[Start of section]

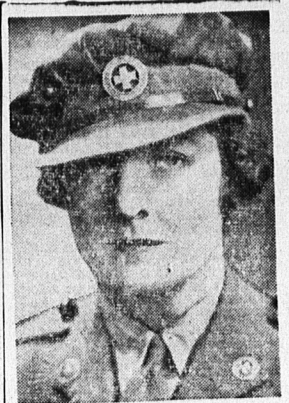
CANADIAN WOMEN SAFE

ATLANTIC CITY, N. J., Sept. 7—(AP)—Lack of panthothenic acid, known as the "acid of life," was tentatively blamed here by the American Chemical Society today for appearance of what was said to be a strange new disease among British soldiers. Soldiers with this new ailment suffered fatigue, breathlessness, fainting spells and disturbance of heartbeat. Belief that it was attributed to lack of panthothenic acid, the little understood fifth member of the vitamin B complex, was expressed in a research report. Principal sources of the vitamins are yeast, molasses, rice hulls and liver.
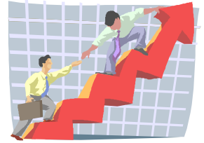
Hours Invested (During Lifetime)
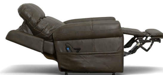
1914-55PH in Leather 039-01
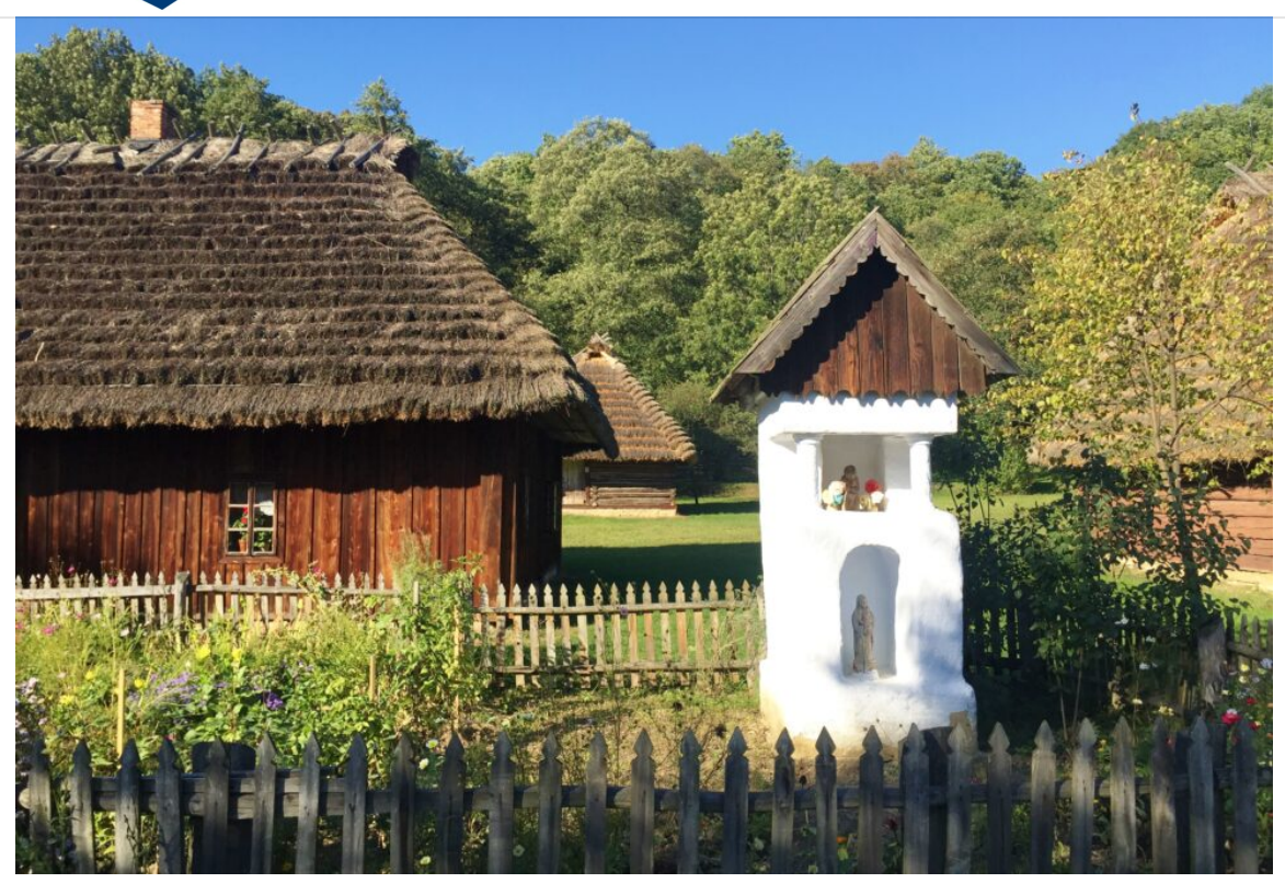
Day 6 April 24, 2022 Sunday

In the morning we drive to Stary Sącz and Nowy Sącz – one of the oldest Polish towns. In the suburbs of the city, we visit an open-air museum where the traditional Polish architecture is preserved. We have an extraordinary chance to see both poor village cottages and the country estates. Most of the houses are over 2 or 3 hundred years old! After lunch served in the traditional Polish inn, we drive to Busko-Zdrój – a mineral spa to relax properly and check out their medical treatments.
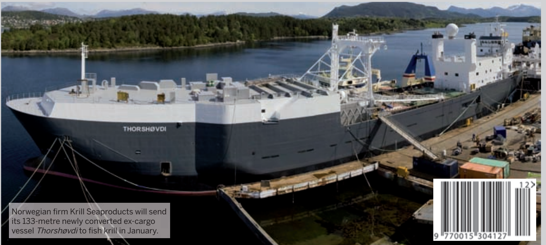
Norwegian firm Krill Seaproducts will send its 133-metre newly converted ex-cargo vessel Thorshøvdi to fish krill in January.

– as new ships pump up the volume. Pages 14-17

[End of section]

__WHAT THE EXERCISE ASKS__.
In the records above, the line with "Day 6 April 24, 2022 Sunday" marks the start and the line with "In the morning" marks the end; copy that stretch exactly, both lines included, and nothing else.

__TASK OUTPUT__.
Day 6 April 24, 2022 Sunday

In the morning we drive to Stary Sącz and Nowy Sącz – one of the oldest Polish towns. In the suburbs of the city, we visit an open-air museum where the traditional Polish architecture is preserved. We have an extraordinary chance to see both poor village cottages and the country estates. Most of the houses are over 2 or 3 hundred years old! After lunch served in the traditional Polish inn, we drive to Busko-Zdrój – a mineral spa to relax properly and check out their medical treatments.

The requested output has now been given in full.